ISRAEL ZANGWILL, 1906.


THERE is probably no other language in existence on which so much opprobrium has been heaped as on Yiddish. Such a bias can be explained only as a manifestation of a general prejudice against everything Jewish.

LEO WIENER, 1899.


RUSSO-JEWISH EDUCATION

AMONG the Jews of Poland and Russia there was no learned estate, not because there were no scholars, but because the people itself was a nation of students. The ideal type for the Russian Jew was the Lamdan, the scholar. The highest ambition of the Russian Jew was that his sons, and if he had only daughters, that his sons-in-law should be Lomdim; and the greatest achievement of a man’s life was his ability to provide sufficiently for them, so that, relieved from economic cares, they might devote themselves unrestrictedly to Jewish learning. To be sure, this learning was one-sided.
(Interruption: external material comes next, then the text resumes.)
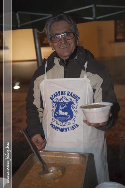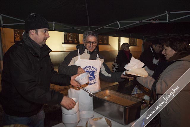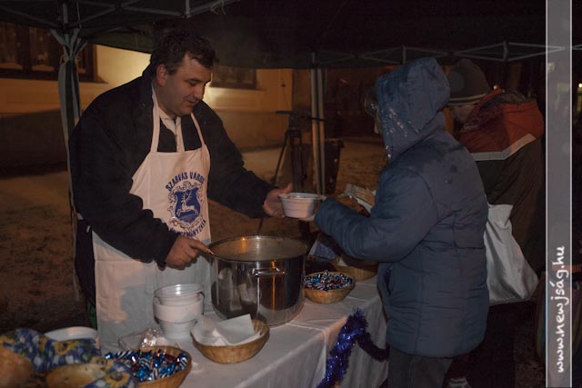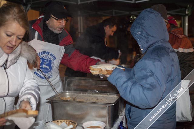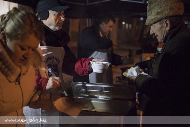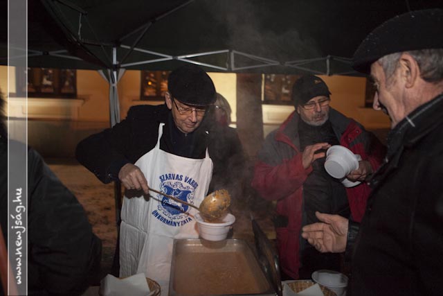 A gyertyagyújtás után az Önkormányzat dolgozói és a képviselők meleg étellel várták a rászorulókat, miközben még minidig sűrű pelyhekben hullott a hó.

Yet it was both wide and deep, for it embraced the almost boundless domain of religious Hebrew literature, and involved the knowledge of one of the most complicated systems of law. The knowledge of the Hebrew prayers and the Five Books of Moses would not have been sufficient to save the Russian Jew from the most terrible opprobrium—that of being an Am-Haaretz, an ignoramus. The ability to understand a Talmudic text, which demands years of preparation, was the minimum requirement for one who wanted to be of any consequence in the community.

I. FRIEDLANDER, 1913.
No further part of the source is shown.